═══ RAW DATA ═══

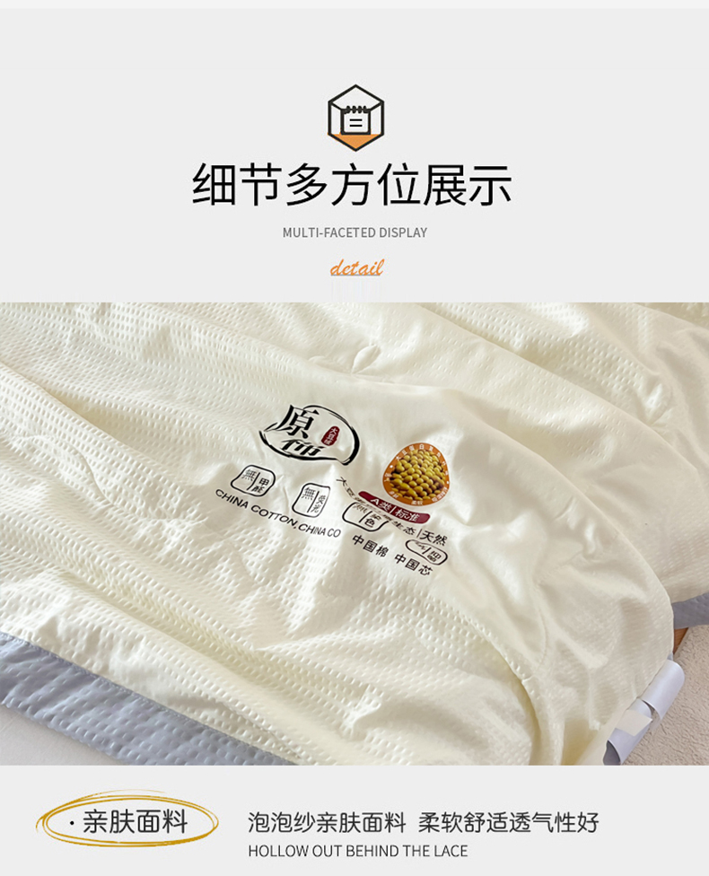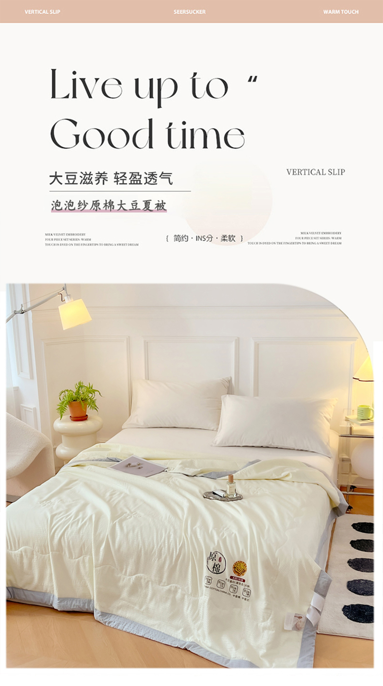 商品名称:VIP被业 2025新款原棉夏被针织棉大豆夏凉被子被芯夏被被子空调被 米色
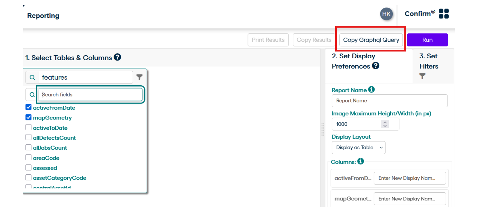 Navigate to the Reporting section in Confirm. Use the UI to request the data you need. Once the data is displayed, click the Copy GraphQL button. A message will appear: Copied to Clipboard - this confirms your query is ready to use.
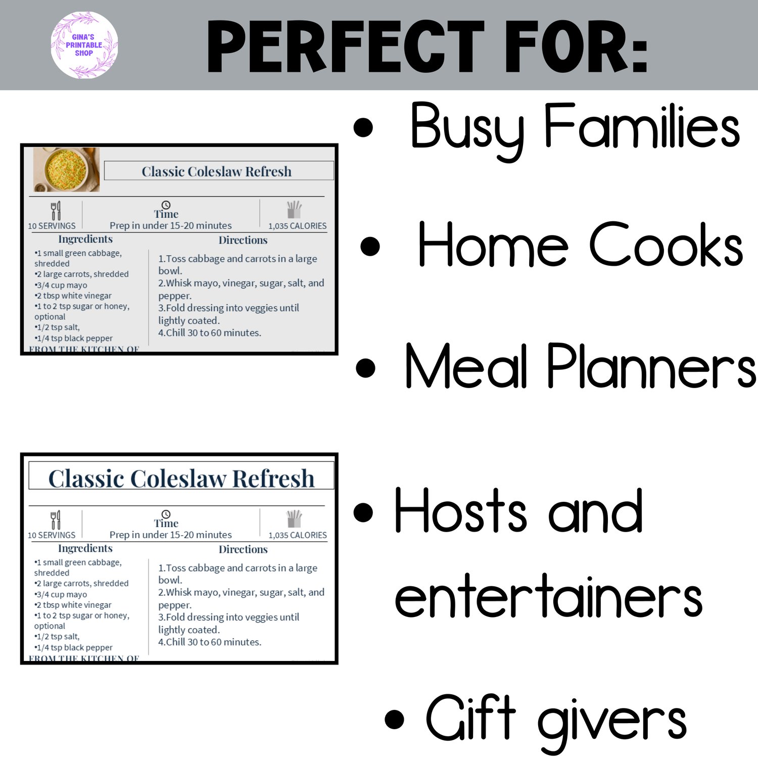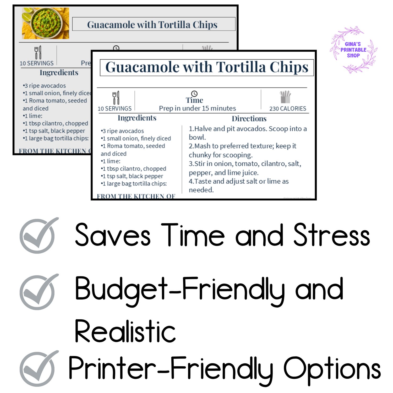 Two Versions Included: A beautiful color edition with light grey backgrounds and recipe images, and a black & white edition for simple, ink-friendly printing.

═══

- _WHAT TO PRODUCE_: All pictures should be dropped; the lines from the one containing "Navigate to the" through the last line of the material are to be set down exactly.

- _RESPONSE_:
 Navigate to the Reporting section in Confirm. Use the UI to request the data you need. Once the data is displayed, click the Copy GraphQL button. A message will appear: Copied to Clipboard - this confirms your query is ready to use.
 Two Versions Included: A beautiful color edition with light grey backgrounds and recipe images, and a black & white edition for simple, ink-friendly printing.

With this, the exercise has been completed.